If you encounter this injury in the middle of the night or after hours, you can usually get away with placing a light wrap around the affected limb at home. You can reassess how it looks and how your dog feels in the morning and decide whether you’d like to see your primary vet then. Usually, within 24–48 hours, the paw feels as if nothing’s happened and your dog will be back to normal. The claw itself; however, can take several weeks to months to fully grow back, similar to if you, for example, smash your own finger under a hammer and lose your nail.
Fortunately, these wounds seldom become infected and require antibiotics. I believe in my three years of practice I have had to treat just one broken nail with antibiotics. All of the rest healed on their own with limited intervention.
While this injury can be a bloody mess and can cause your pet some discomfort, it rarely constitutes a medical emergency. With the added volume hitting our emergency centers nowadays (at least in my area); I know from experience that many owners are being turned away with pets that have broken claws. If you do choose to bring your pet to an emergency center for this you will generally have an extensive wait time. Often, by the time that you’re seen the bleeding has long since stopped anyway.
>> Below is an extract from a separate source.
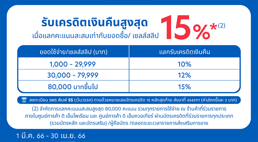 รับเครดิตเงินคืนสูงสุด 15% เมื่อแลกคะแนนสะสมเท่ากับยอดซื้อ/เซลล์สลิป

Broken claws are an extremely common injury in dogs and while they are scary, they are often something that can be managed at home. Hopefully, this helps provide some peace of mind the next time you encounter this injury. While the bleeding, and injury itself, can appear quite concerning most dogs shake off any discomfort and pain within a couple of days. Thanks for reading!
Note: This is a generalization of a common injury in dogs. Some instances can constitute more severe injury and, as mentioned, rarely could a life-threatening outcome result. If you are ever worried about your pet, you should seek the advice of your veterinarian.